Having identified where deeper GNNs excel, reasons why effectiveness primarily appears in the minority node group remain elusive. Since the superiority of deeper GNNs stems from capturing higher-order information, we further investigate how higher-order homophily ratio differences vary on the minority nodes, denoted as, $|h_u^{(k)}-h_v^{(k)}|$, where node $u$ is the test node, node $v$ is the closest train node to test node $u$. We concentrate on analyzing these minority nodes $V_{\text{mi}}$ in terms of default one-hop homophily ratio $h_u$ and examine how $\sum_{u\in V_{\text{mi}}} |h_u^{(k)}-h_v^{(k)}|$ varies with different $k$ orders.
Experimental results are shown in Fig.12, where a decreasing trend of homophily ratio difference is observed along with more neighborhood hops. The smaller homophily ratio difference leads to smaller generalization errors with better performance.
6. Conclusion & suggestions & future work
In this blog, we investigate when GNN works and when not. We find that the effectiveness of vanilla GCN is not limited to the homophily graph. Nonetheless, the vulnerability is hidden under the success of GNN. We typically provide some suggestions before you build your own solution to the graph problem.

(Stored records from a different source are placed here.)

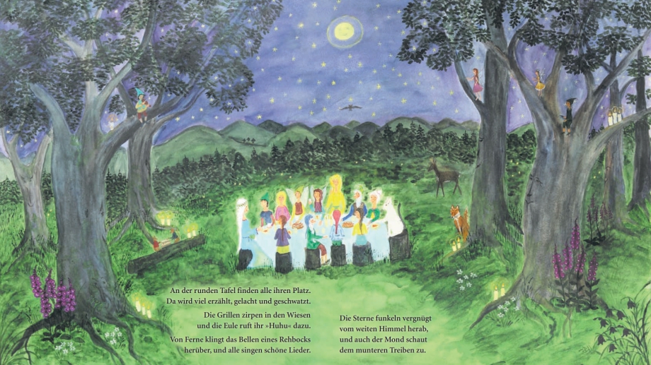 So treffen sich alle auf der Wiese am Wasserfall und feiern ein traumhaftes Fest in der lauen Sommernacht bis zum Morgengrauen…
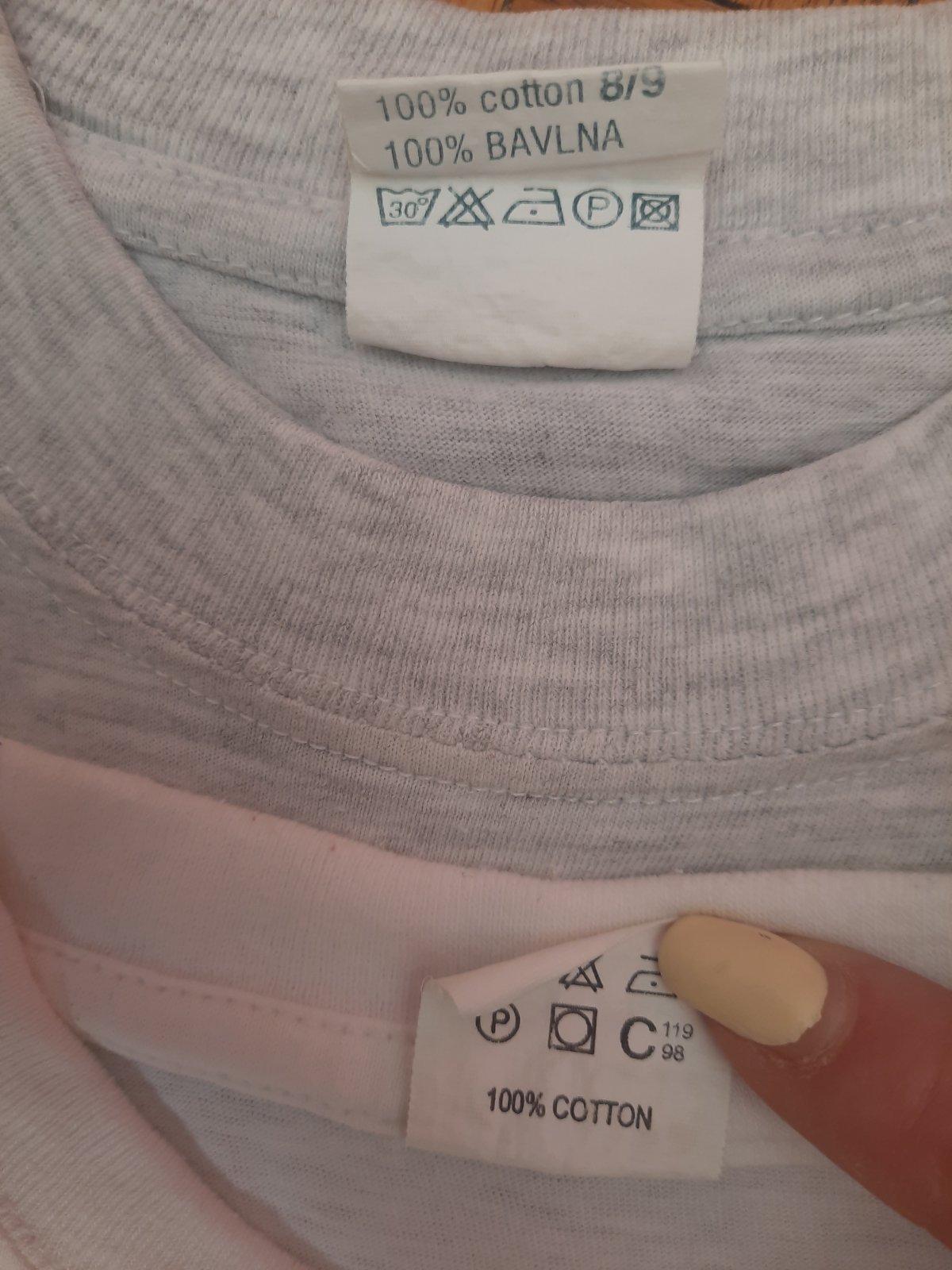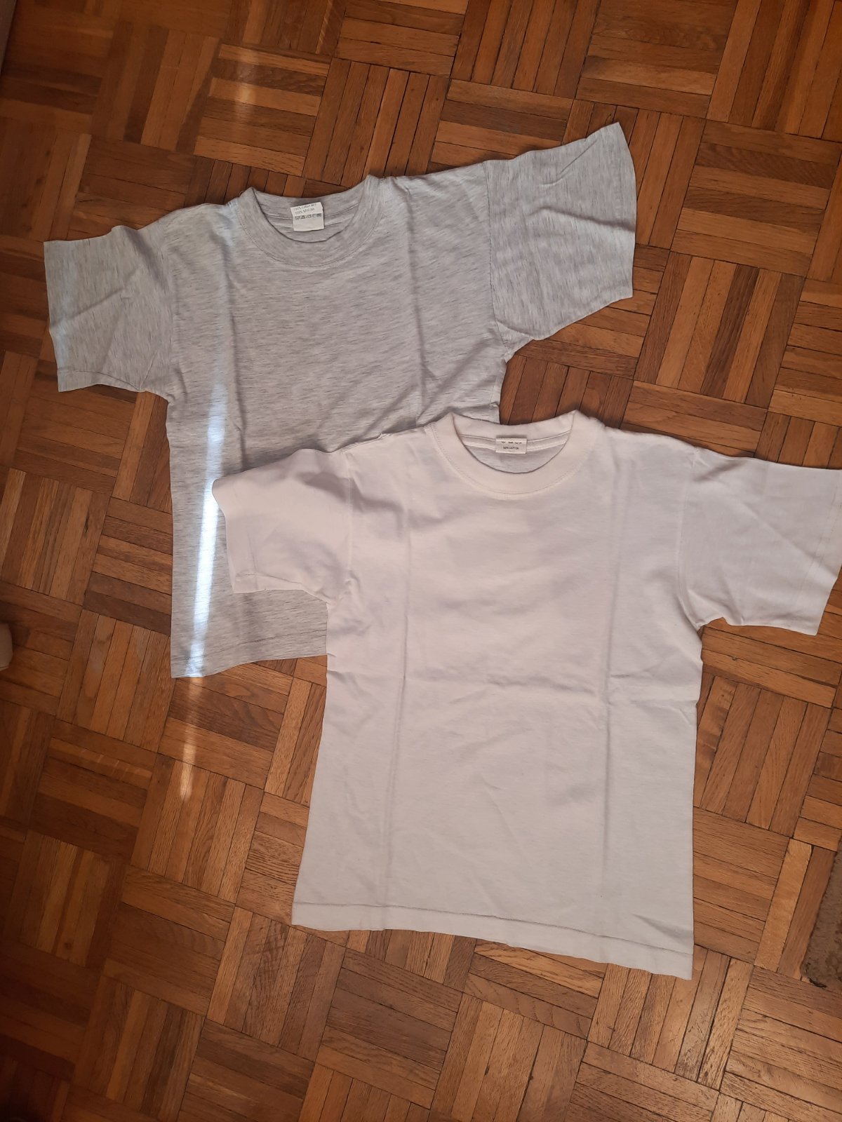 Predám 2 kusy bavlnených tričiek vo veľmi dobrom stave. Jedno je biele, druhé svetlosivé. Veľkostne sú skoro rovnaké, biele o kúsok dlhšie. Veľkosť sa píše na 10 rokov. Vhodné aj na telesnú výchovu.
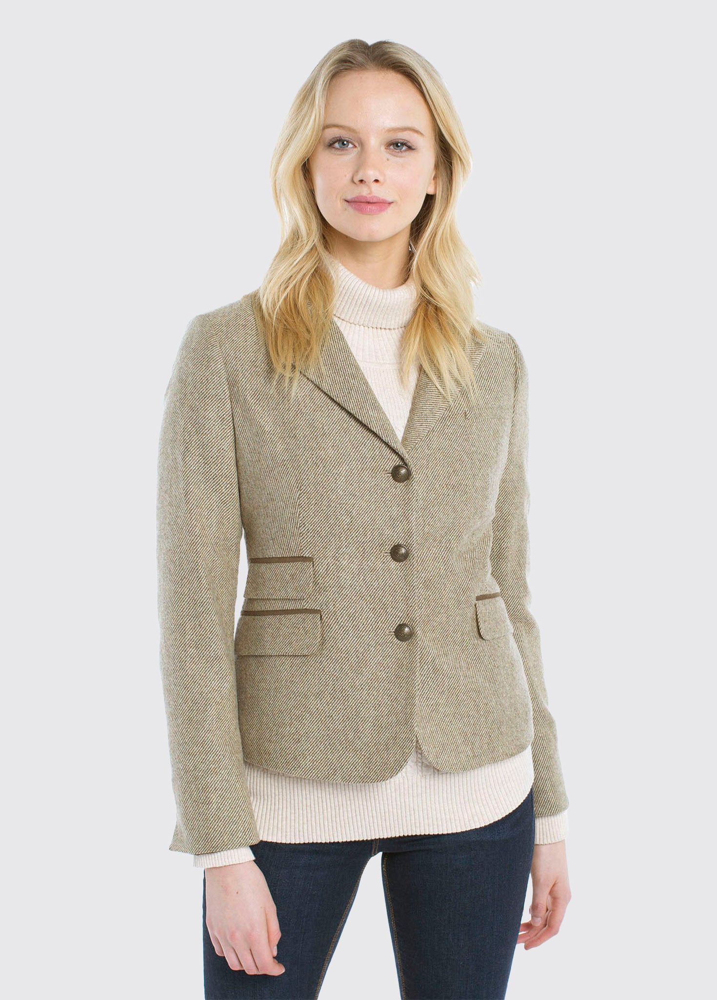 The Buttercup is a wonderfully useful jacket with a short, equestrian inspired shape giving a neat silhouette. A variety of striking 100% wool tweeds, with eye-catching buttons, work seamlessly over the Dubarry range of tailored shirts, suiting both workwear and country pursuits alike. Team with jeans, knitwear and Galway country boots for instant added finesse or a Dubarry tweed skirt and Limerick boots to complete a sophisticated combination.
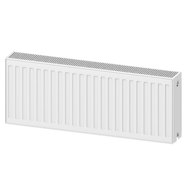 Благодаря своим конструктивным особенностям панельный радиатор показывает отличную теплоотдачу, используя малое количество теплоносителя. Форма радиатора придает ему универсального современного дизайна, что позволяет использовать панельный радиатор в бытовом и промышленном секторе. Горячая вода поступает в радиатор через фитинг (тройник), который распределяет её на переднюю и заднюю панели. Теплоноситель, проходя внутри панели, отдает тепло на внешние стенки прибора; они в свою очередь, излучают частично тепловую энергию в отапливаемое помещение, остальное тепло отдается через теплообменник с помощью естественной конвекции. Преимущества стальных панельных радиаторов: высокая теплоотдача; экономичный расход теплоносителя; высокий уровень защиты от коррозии; цветостойкость;
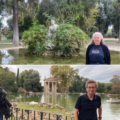 Resuming post on day 2: The rain finally came, the first significant rain of our 16 days here and even then, not heavy rain, and it didn’t come until 3 pm which gave us time to wander around the elegant Borghese Gardens and then down the Spanish steps (which neither of us had visited since we were students) and then down via Margutta which has some art galleries (none very good), outdoor gallery stalls and design shops.
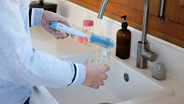 - Съемная насадка с силиконовыми щетинками поможет помыть соски и пустышки

- Before starting, think carefully about your data properly
- Remember the drawback of GNNs. Not always good!
We remain some questions for future works:
- Solve the drawback of GNNs
- Inspire new principled applications on GNNs
Reference
[1]Ma, Yao and Jiliang Tang. “Deep learning on graphs.” Cambridge University Press, 2021.
[2]Ma, Yao, Xiaorui Liu, Neil Shah, and Jiliang Tang. “Is homophily a necessity for graph neural networks?.” arXiv preprint arXiv:2106.06134 (2021).
[3]Mao, Haitao, Zhikai Chen, Wei Jin, Haoyu Han, Yao Ma, Tong Zhao, Neil Shah, and Jiliang Tang. “Demystifying Structural Disparity in Graph Neural Networks: Can One Size Fit All?.” arXiv preprint arXiv:2306.01323 (2023).
[4]Kipf, Thomas N., and Max Welling. “Semi-supervised classification with graph convolutional networks.” arXiv preprint arXiv:1609.02907 (2016).
[5]Hamilton, Will, Zhitao Ying, and Jure Leskovec. “Inductive representation learning on large graphs.” Advances in neural information processing systems 30 (2017).
[6]Xu, Keyulu, Weihua Hu, Jure Leskovec, and Stefanie Jegelka. “How powerful are graph neural networks?.” arXiv preprint arXiv:1810.00826 (2018).
[7]Fan, Wenqi, Yao Ma, Qing Li, Yuan He, Eric Zhao, Jiliang Tang, and Dawei Yin. “Graph neural networks for social recommendation.” In The world wide web conference, pp. 417-426. 2019.
[8]Zhu, Jiong, Yujun Yan, Lingxiao Zhao, Mark Heimann, Leman Akoglu, and Danai Koutra. “Beyond homophily in graph neural networks: Current limitations and effective designs.” Advances in neural information processing systems 33 (2020): 7793-7804.